Remove files containing variables that store old experience information if the experiences folder exists.

if exist(experiencesFolderDesktop,'dir')
    % If the experiences folder exists, 
    % remove the folder to delete any old files
    rmdir(experiencesFolderDesktop,'s');
end

Create the folder to collect the experiences.

mkdir(experiencesFolderDesktop);

Remove files containing variables that store old parameter information if the parameters folder exists.

if exist(parametersFolderDesktop,'dir')
    % If the parameter folder exists, 
    % remove the folder to delete any old files.
    rmdir(parametersFolderDesktop,'s');
end

Make the parameters folder.

mkdir(parametersFolderDesktop);

Check if the folder where experience files are stored exists on the RPi. If the folder does not exist, create one. To create the folder, use the supporting function createFolderOnRPi, which is defined at the end of this example. This function uses the system command, with the Raspberry Pi object as first input argument, to send a command to the Raspberry Pi Linux operating system. For more information, see Run Linux Shell Commands on Raspberry Pi Hardware (Simulink).

createFolderOnRPi(agentData.RPi,agentData.ExperiencesFolderRPi);

Check if the parameters folder exists on the RPi. If not, create one.

createFolderOnRPi(agentData.RPi,agentData.ParametersFolderRPi);

Read the current state of the experiences folder using the listFolderContentsOnRPi function. This function is defined at the end of this example.

dirContent = listFolderContentsOnRPi( ...
    agentData.RPi,agentData.ExperiencesFolderRPi);

Check for and remove all the old experience files from the RPi.

if ~isempty(dirContent)
    system(agentData.RPi,convertStringsToChars("rm -f " + ...
       agentData.ExperiencesFolderRPi + "*.*"));
end

Use the writePolicyParameters function to save the initial policy parameters to a file on the desktop computer and to send the parameters in the agentData structure to the Raspberry Pi. This function is defined at the end of this example.

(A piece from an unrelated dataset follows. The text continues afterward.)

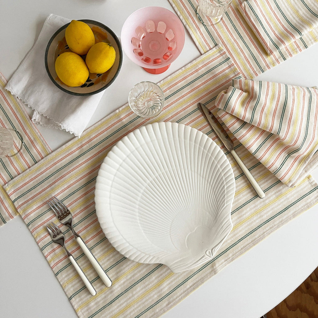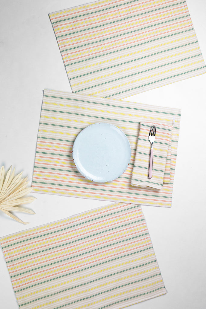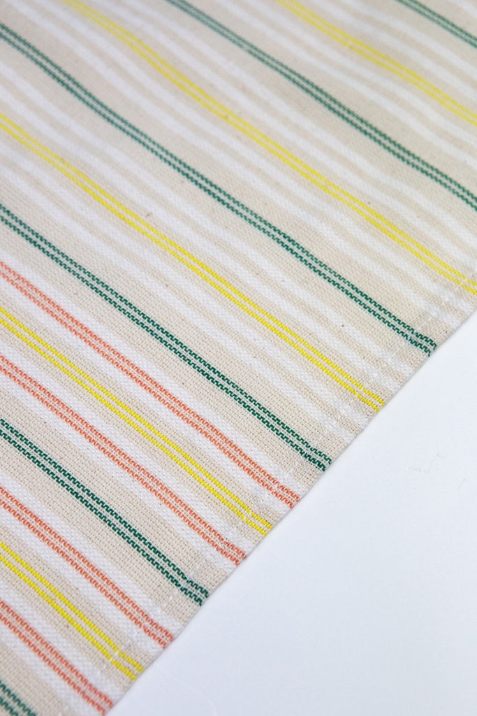 The Inez striped placemat is the perfect accent to any table setting. Stripes of lemon, green, and orange are woven together to create this citrusy colorful textile. Ethically handwoven by artisans in Xela, Guatemala.

agentData.UseExplorationPolicy = true;
writePolicyParameters(agentData);

Store the policy parameter structure to envData. This structure is used as a reference to convert the serialized data to a structure in the Get Policy Parameters subsystem mentioned earlier.

envData.ParametersStruct = policyParameters( ...
    getExplorationPolicy(agentData.Agent));

Use the slbuild (Simulink) command to build and deploy the model on the Raspberry Pi board. This command needs the Raspberry Pi Hardware (Simulink). For more information, see slbuild (Simulink).

Use the evalc function to capture the text output from code generation, for possible later inspection.

buildLog = evalc("slbuild(mdl)");

The model is configured only to build and deploy. You can also specify the build directory.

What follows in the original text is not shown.